▶ Work order: Word for word, give the data again without its pictures.

[Dataset records]

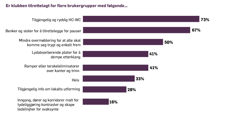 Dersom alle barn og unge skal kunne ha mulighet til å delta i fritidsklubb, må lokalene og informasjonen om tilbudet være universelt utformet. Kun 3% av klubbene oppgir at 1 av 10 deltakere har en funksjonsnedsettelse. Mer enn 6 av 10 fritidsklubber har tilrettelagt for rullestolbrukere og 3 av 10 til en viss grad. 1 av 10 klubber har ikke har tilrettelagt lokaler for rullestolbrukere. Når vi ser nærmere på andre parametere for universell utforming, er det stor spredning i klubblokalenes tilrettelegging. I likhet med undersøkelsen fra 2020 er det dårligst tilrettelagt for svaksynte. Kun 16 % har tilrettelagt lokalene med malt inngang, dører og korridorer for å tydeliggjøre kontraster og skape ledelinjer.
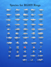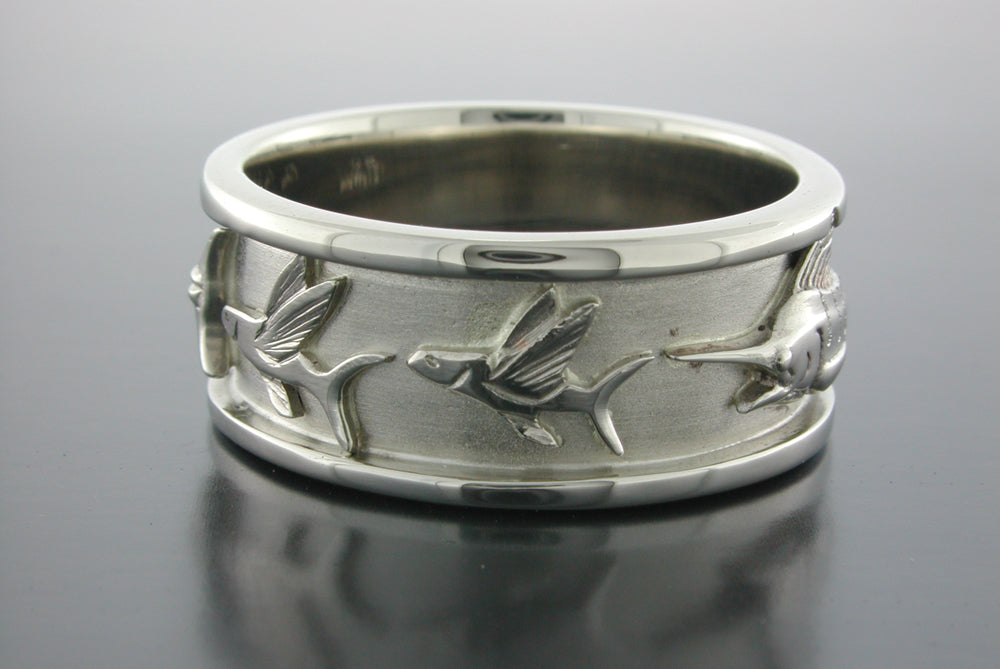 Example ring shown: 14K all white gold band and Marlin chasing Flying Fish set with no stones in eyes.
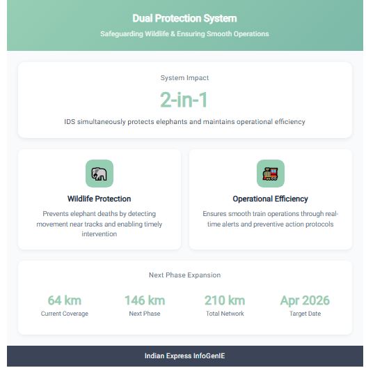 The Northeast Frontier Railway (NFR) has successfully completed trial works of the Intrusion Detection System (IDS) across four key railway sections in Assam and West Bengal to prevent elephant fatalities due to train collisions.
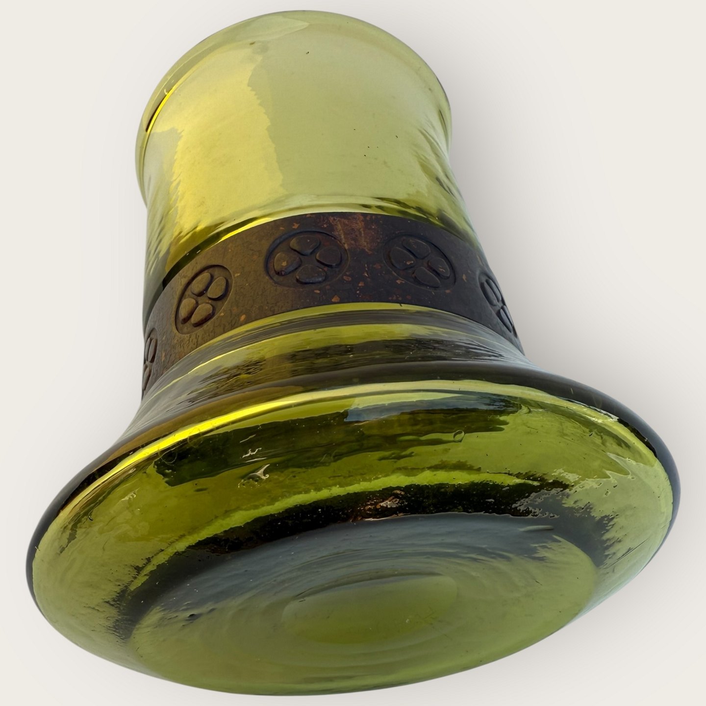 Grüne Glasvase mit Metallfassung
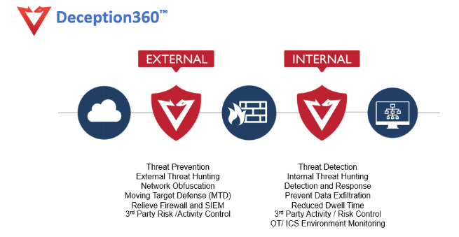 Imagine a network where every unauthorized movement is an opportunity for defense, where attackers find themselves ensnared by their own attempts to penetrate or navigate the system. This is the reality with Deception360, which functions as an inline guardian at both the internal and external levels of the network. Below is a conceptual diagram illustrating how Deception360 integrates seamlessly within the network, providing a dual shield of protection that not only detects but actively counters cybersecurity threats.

▶ Output:
 Dersom alle barn og unge skal kunne ha mulighet til å delta i fritidsklubb, må lokalene og informasjonen om tilbudet være universelt utformet. Kun 3% av klubbene oppgir at 1 av 10 deltakere har en funksjonsnedsettelse. Mer enn 6 av 10 fritidsklubber har tilrettelagt for rullestolbrukere og 3 av 10 til en viss grad. 1 av 10 klubber har ikke har tilrettelagt lokaler for rullestolbrukere. Når vi ser nærmere på andre parametere for universell utforming, er det stor spredning i klubblokalenes tilrettelegging. I likhet med undersøkelsen fra 2020 er det dårligst tilrettelagt for svaksynte. Kun 16 % har tilrettelagt lokalene med malt inngang, dører og korridorer for å tydeliggjøre kontraster og skape ledelinjer.
 Example ring shown: 14K all white gold band and Marlin chasing Flying Fish set with no stones in eyes.
 The Northeast Frontier Railway (NFR) has successfully completed trial works of the Intrusion Detection System (IDS) across four key railway sections in Assam and West Bengal to prevent elephant fatalities due to train collisions.
 Grüne Glasvase mit Metallfassung
 Imagine a network where every unauthorized movement is an opportunity for defense, where attackers find themselves ensnared by their own attempts to penetrate or navigate the system. This is the reality with Deception360, which functions as an inline guardian at both the internal and external levels of the network. Below is a conceptual diagram illustrating how Deception360 integrates seamlessly within the network, providing a dual shield of protection that not only detects but actively counters cybersecurity threats.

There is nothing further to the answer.